At this time we have 200 plus MSWord files in the library.  The nice thing, most everyone involved knows how to use work, and with a little training they can learn the proper way to add the information to a template and not create a page like it was created on a manual or electric typewriter.  Much eaiser than working with Wiki pages.  

This is an excellent post, thank you!! What is ARINC -- is that the airline industry?

Can you explain a bit more on "presenting MSWord documents in page view"?

Thanks,
Rob.

ARINC is an organization started by the Airlines in 1929 and was owned by the airline until a few years ago.  The ARINC (Aeronautical Radio, Incorporate) organization was developed to create standards for line replaceable aircraft electronics which would allow them to use the same equipment between aircraft type and customers.  ARINC is now a part of SAE ITC.  

One early on ARINC activity was to develop standards for creating manuals, documents, and specifications.  

To open a MSWord document from within a library in Page view set the library to  Advance setting for "Opening Document in the Brower" as "Use the server default (Open in browser)."  This opens the MSWord document in a full page view, including header and footer.  You can then scroll through page after page.  

I should note, that MS continues to change the way these library views work.  At one time we had the ability to jump to the next or previous document, which was nice and handy.  We now have to close the existing file and open the next file from the library list.  This is where the use of filtering based upon the titles and metadata comes in handing allowing us to pull similar topic/subject files into the library view.  

Hope this helps.  Try it out on a small test project before jumping in too deep.

Thanks Merritte for the detailed response. Very interesting way of attacking the problem. Looks like you have a great solution for your team. I really like the idea of MSWord pages in page view as they can deliver much richer content as you state.

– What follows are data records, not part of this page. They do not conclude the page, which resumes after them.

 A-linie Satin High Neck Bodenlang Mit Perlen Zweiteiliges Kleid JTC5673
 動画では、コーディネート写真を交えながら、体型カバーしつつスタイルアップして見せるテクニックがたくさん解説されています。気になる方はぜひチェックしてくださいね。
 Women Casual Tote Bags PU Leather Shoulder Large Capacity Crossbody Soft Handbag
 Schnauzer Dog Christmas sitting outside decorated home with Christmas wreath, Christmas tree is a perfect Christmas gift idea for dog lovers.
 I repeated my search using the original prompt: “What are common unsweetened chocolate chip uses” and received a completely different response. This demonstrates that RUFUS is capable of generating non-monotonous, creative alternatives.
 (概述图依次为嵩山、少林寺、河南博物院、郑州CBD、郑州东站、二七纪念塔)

I'll look into it, thanks again.

 

Cheers, Mark

Great solution! Also i would like to see if Microsoft can make this Techcommunity as a Site template in SharePoint. This would be very helpful in creating a knowledge community, organize information and for user engagement.

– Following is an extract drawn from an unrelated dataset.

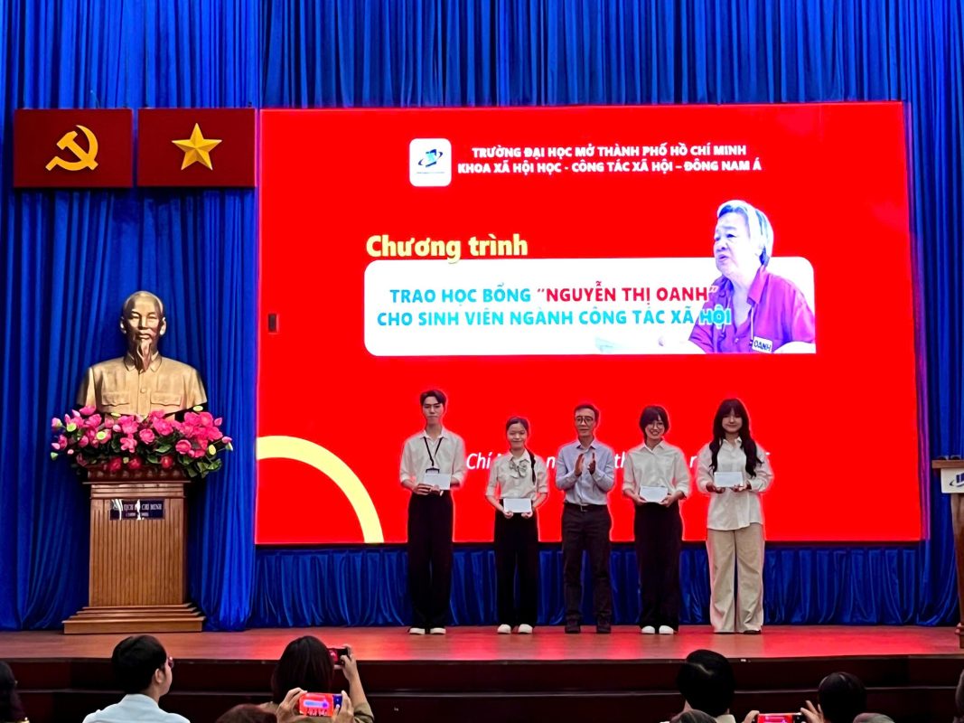 Song song đó, ban tổ chức cũng tổ chức chương trình trao hai học bổng là: học bổng “Nguyễn Thị Oanh” và học bổng TFCF – VIEF đến cho sinh viên ngành Công tác xã hội. Khoa XHH – CTXH – ĐNÁ rất vui mừng và chân thành cảm ơn quý đơn vị đã luôn quan tâm và động hành cùng với sinh viên của Khoa, đây chính là động lực rất lớn giúp sinh viên tiếp tục vững bước trên con đường học tập.

I like your idea bout making this a SP Site template. I know we would use it.

Taken right from SharePoint Maven

@Julie Sanders  - The problem with what you proposed is the amount of admin overhead that take to keep that current or to ensure ppl have the correct permission set.

I dislike post-necro, but we followed a similar footprint as the one mentioned here, but had to get away from managed metadata as a sorting mechanism.  The simple truth and reasoning behind it is our need for old school workflows that modify the title and tagging after the document is submitted.  Yes we could incorporate the new "Flows" integration, but much of our SharePoint site was brought over from a legacy on-prem deployment that now has to coincide with what apps and controls MS allows us to have.

Instead of using MM, we use separate lists with choices, which allows us to customize the views using grouping and sorting. 

The final product is a living document repository with a dynamic master document control list (instead of having to use a static excel spreadsheet).  We have undergone a few ITIL audits where this type of file management has prevented several non-conformities, where human error and oversight would have occurred without the dynamic structure.

 

(Plus the best part is, with the dynamic headers on all documents pulling from the SharePoint document properties, they will always be printed (if necessary) with the accurate information.)  There was heavy setup time on my part (about 70+ hours) but a similar solution through Bamboo will net you around 500$US residual.

I used this article for creating a KB on SharePoint: https://sharepointstuff.com/2021/05/12/how-to-build-a-knowledge-base-in-sharepoint/
It's pretty effective, but I find the PnP search add in pretty fiddly. Anyone out there who can help?

Also, wouldn't it be GREAT if Microsoft could supply a Knowledge Base Template as part of their default collection? After all, this is a very popular feature.